Грешник

Олег Вороной
ГРЕШНИК

    - Эй, хозяин! Будь добр – позволь переночевать!
    Голос мой еле пробивается сквозь шум дождя и лай собаки к мерцающему свечой окошку.
    Сильный дождь, рано опустивший сумерки, заставил искать ночлег понадежнее палатки и костра. Да и внутренний голос настойчиво внушал, что где-то поблизости есть жилье.
    Ныряя в мокрые кусты, быстро пересек долину ручья поперек, выясняя наличие следов человека, и наткнулся на лесную, хорошо наезженную дорогу. В тайге, в таких местах, дорога обычно ведет к пасеке, или охотничьему зимовью. Точно! Всего несколько минут ходьбы от ключа, где ловил местную форель-мальму, и на обширной поляне – вот она, добротная пасека с большой избой, омшаником и навесами, крепкой изгородью.
- Кого там принесла нелегкая?- сердито донеслось из-за приоткрывшейся двери. – Кто такой? Чего надо?
    Хозяин готов хлопнуть перед моим носом дверью; не любят пасечники непрошеных гостей. Много по тайге скитается лихого люду, того и жди, что беду с собой принесут.
    Вспоминаю кстати рассказы уроженца этих мест и решаюсь выдать себя за земляка: «Да я Можаева внук. Дождь бы переждать».
    Дверь недоверчиво поскрипела, словно советуясь с хозяином, нехотя растворилась.
    - Заходи.
    В полумраке дверного проема угадываются просторные сени, белеет вход в избу. Старательно шаркаю сапогами по металлической сетке у крылечка, вхожу. В уголке снимаю рюкзак, достаю запасную одежду и переодеваюсь в сухое. Вытаскиваю пакеты с продуктами, на ощупь выбираю что повкусней, откладываю для ухи десяток самых крупных «форелин» и, вежливо постучав, переступаю порог.
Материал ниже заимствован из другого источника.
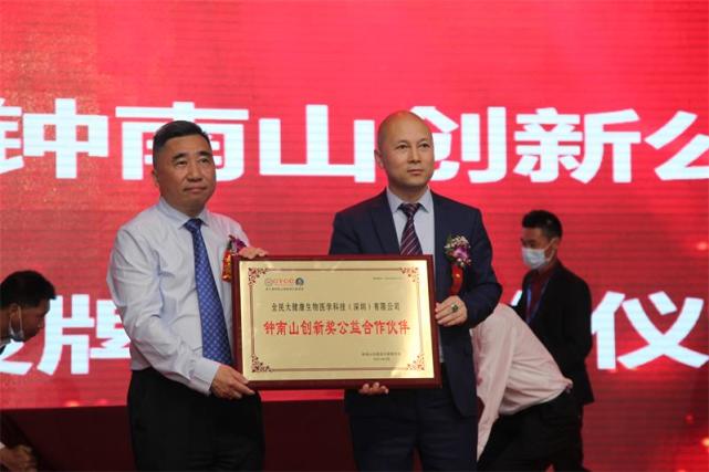随后北京钟南山创新公益基金会向中国全民大健颁发授权书以及举行签约仪式。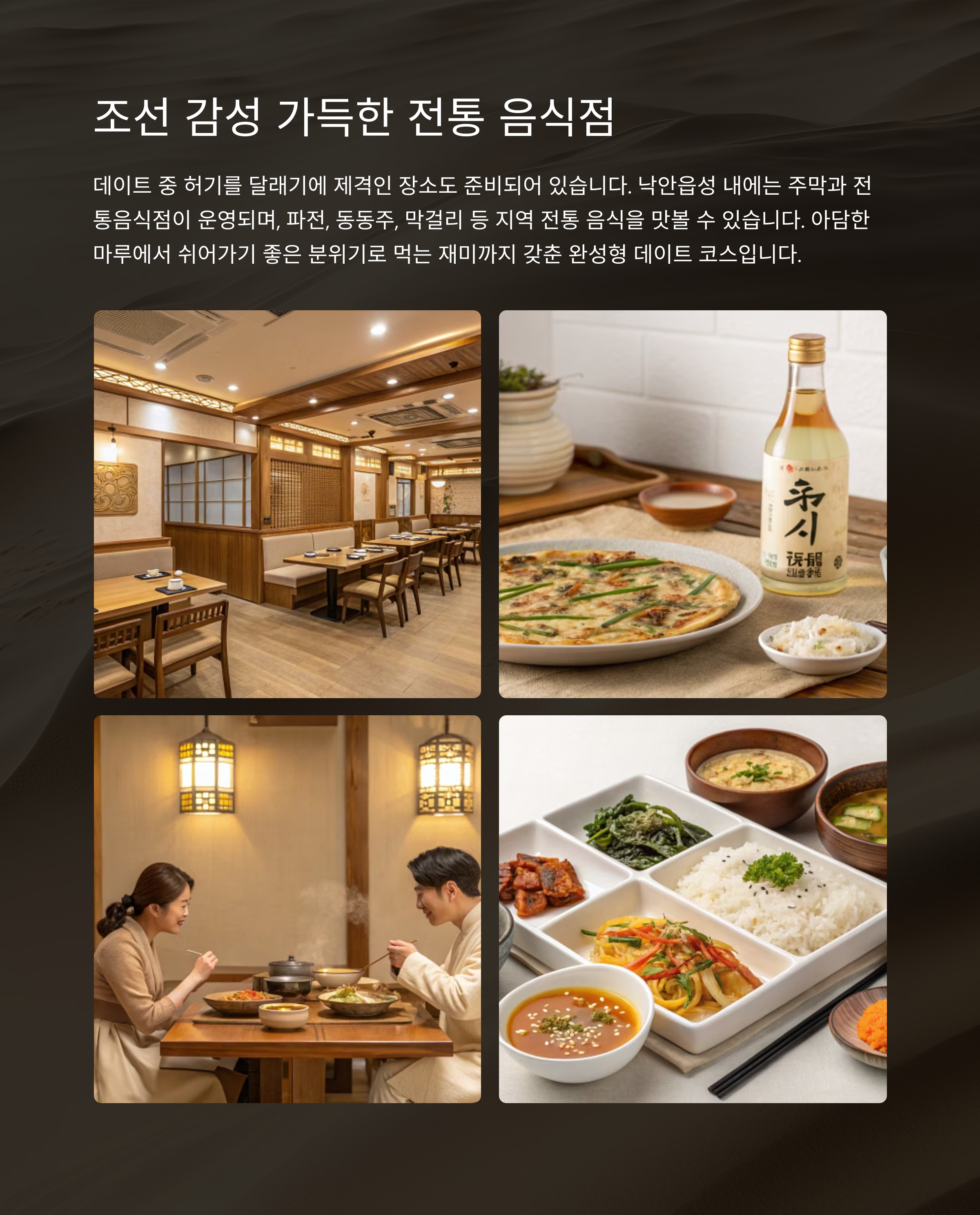 낙안읍성은 전라남도 순천의 대표 명소로, 전통과 자연을 동시에 즐길 수 있는 데이트 명소입니다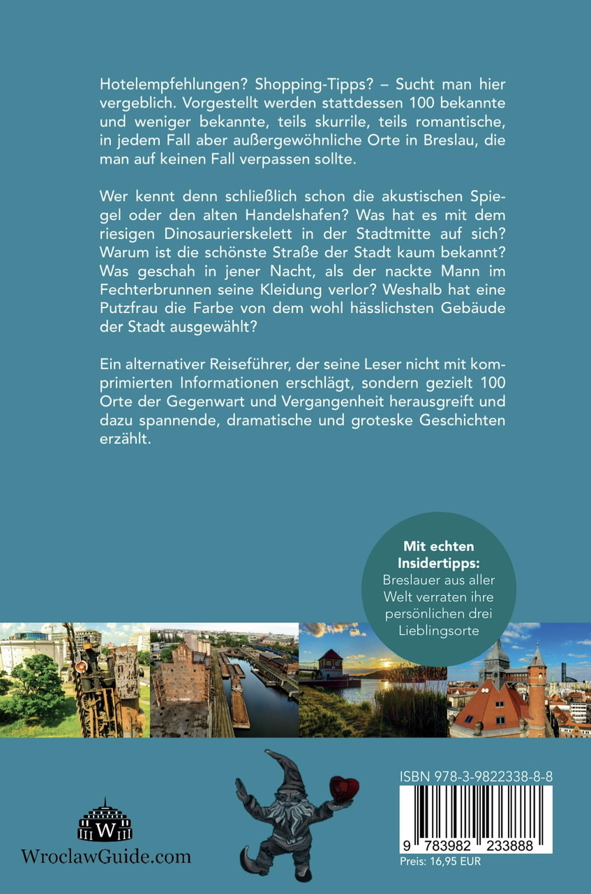 *** Gewinnertitel des Selfpublishing-Buchpreises 2021 in der Kategorie Sachbuch/Ratgeber ***Hotelempfehlungen? Shopping-Tipps? - Sucht man hier vergeblich. Vorgestellt werden dafür 100 bekannte und weniger bekannte, teils skurrile, teils romantische, in jedem Fall aber außergewöhnliche Orte in Breslau, die man auf keinen Fall verpassen sollte. Wer kennt denn schließlich schon die akustischen Spiegel oder den alten Handelshafen? Was hat es mit dem riesigen Dinosaurierskelett in der Stadtmitte auf sich? Warum ist die schönste Straße der Stadt kaum bekannt? Was geschah in jener Nacht, als der nackte Mann im Fechterbrunnen seine Kleidung verlor? Weshalb hat eine Putzfrau die Farbe von dem wohl hässlichsten Gebäude der Stadt ausgewählt?Ein alternativer Reiseführer, der seine Leser nicht mit komprimierten Informationen erschlägt, sondern gezielt 100 Orte der Gegenwart und Vergangenheit herausgreift und dazu spannende, dramatische und groteske Geschichten erzählt. Außerdem bricht er mit der Tradition, dass nur der Autor zu Wort kommt - denn zahlreiche Breslauer, bekannte und unbekannte, verraten ihre drei ganz persönlichen Lieblingsorte!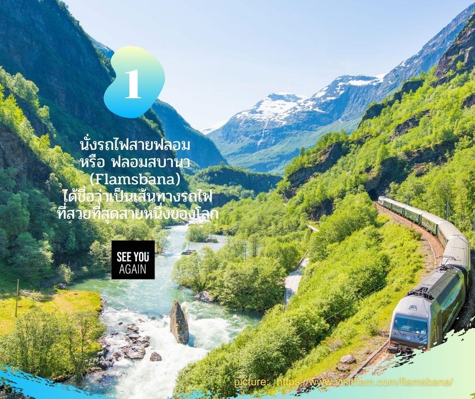 1 นั่งรถไฟสายฟลอม หรือฟลอมสบานา (Flamsbana) ได้ชื่อว่าเป็นเส้นทางรถไฟที่สวยที่สุดสายหนึ่งของโลก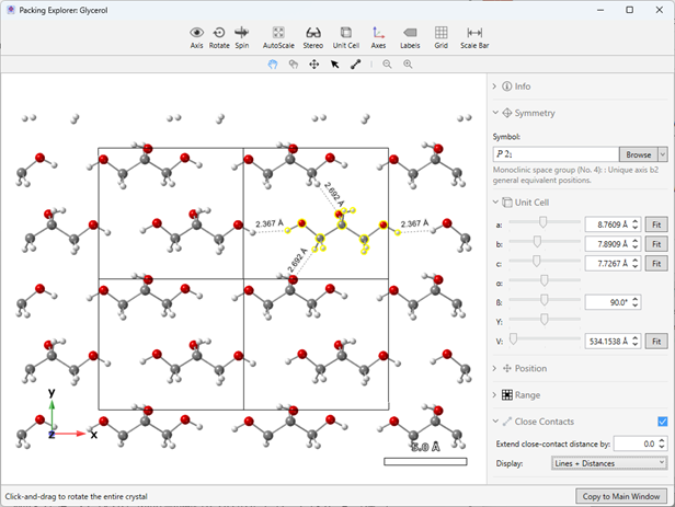 分子構造を結晶構造に置き換える際、パッキングの「トポロジー」、すなわち、分子の位置や方位や間隔を、文献や回折実験の結果など既知の情報と照らし合わせながら手動で探索するためのツールです。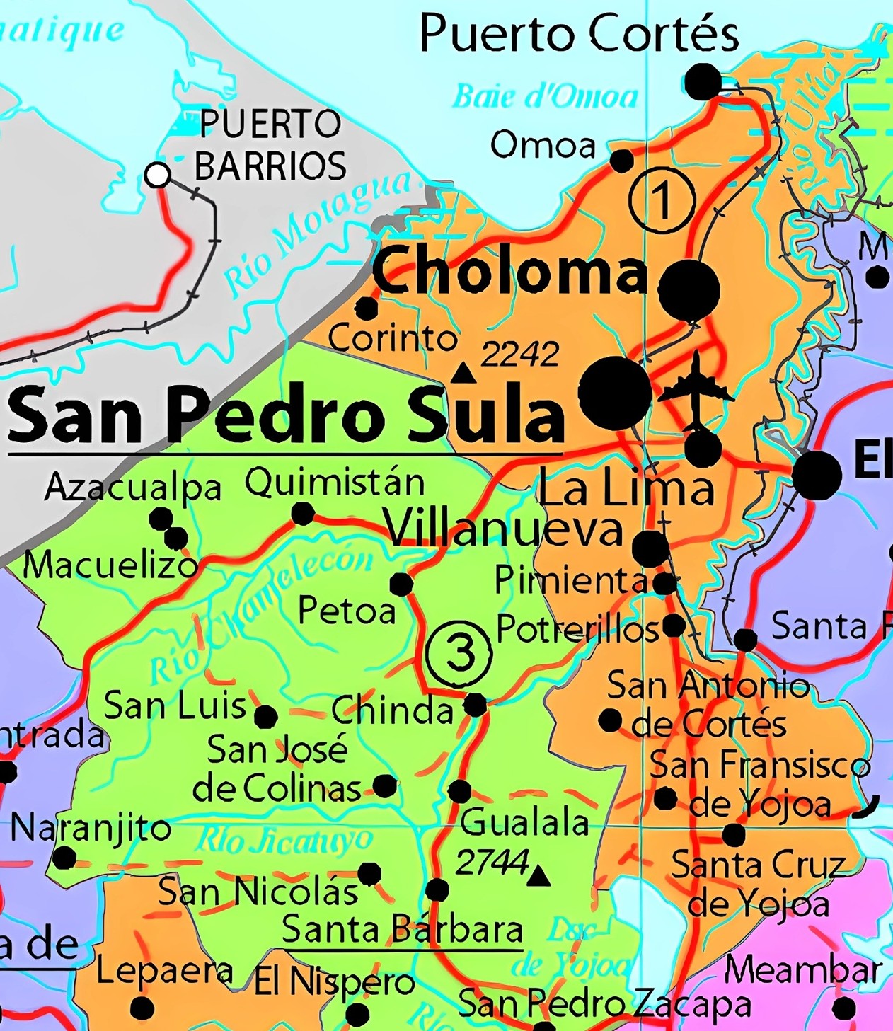 Importantes ríos: Ulúa y Chamelecón.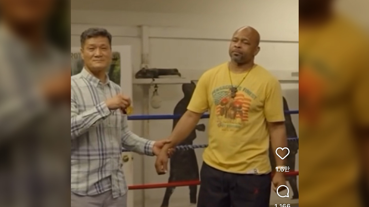 이어 금메달을 꺼내 어리둥절한 표정을 짓던 존스 주니어에 "이건 88년 서울 올림픽 금메달이다. 그때 홈에서 금메달을 가져갔습니다. 지금은 내가 잘못된 걸 알고, 로이 존스 주니어 홈(미국)에서 이 메달을…"이라며 돌려주는 걸 암시하는 듯한 말을 했습니다.

    Неповторимый пасечный дух. Сухой и теплый воздух человеческого жилья насыщен запахом меда, цветов, трав, запахом яркого солнечного дня посреди земляничной поляны, запахом буйного лета. Воздух, густой и медовый, светится янтарным ореолом вокруг трепетного огонька свечи. Чисто выбеленные стены словно дышат теплом. Крашенные половицы застелены домотканными дорожками. Печь, стол, лавка, дверь в другую горницу. На столе свеча, книга.
    Выкладываю харчишки на стол, отдельно заветную фляжку. Из горницы вышел пасечник. Молча собирает нехитрый ужин: еще горячая картошка, шмат сала, луковица, миска духмянного меда, выдыхающий парок чайник. Кладет одну вилку, одну ложку, ставит одну кружку, давая понять, что ужинать не будет и, не проронив ни слова, возвращается в свою комнату, плотно прикрыв за собою дверь.
    Странный тип! Когда и кто у нас отказывался по русской традиции за стопкой узнать, что в мире творится, поговорить про политику, про урожай, просто за жизнь, познакомиться наконец? А этот не взглянул даже! Ну что ж, спасибо, хоть впустил.
    Неторопливо ужинаю, прислушиваюсь к шуму дождя и гадая: что за фрукт этот хозяин. Рассмотреть я его толком не успел: вроде не стар еще – лет сорок с небольшим, высокий, сутулый. Хозяйственный – в доме чисто и аккуратно. Руки, видать, на месте, вон какой подсвечник смастерил из консервной банки: край жестянки ажурно изрезан, выгнут причудливо, гвоздем по кругу пробит замысловатый орнамент. С выдумкой сделано!
    А что за книга лежала на столе? Сразу ее захлопнул и унес. Похожа на библию. Странно. Сейчас все детективы да приключения читают. А тут тайга, пасека – и библия!
    Это после семидесяти лет советской власти и в крае, где на всю огромную территорию осталось только две-три церкви! Да и то, эти церкви в самых крупных городах. А отсюда до ближайшего города выбираться – о-ё-ёй. Скоро и мне этот путь предстоит: отпуск-то проходит. Скоре бы дождь перестал, чтоб в оставшиеся дни успеть нарыбачиться досыта, надышаться таежной чистотой допьяна.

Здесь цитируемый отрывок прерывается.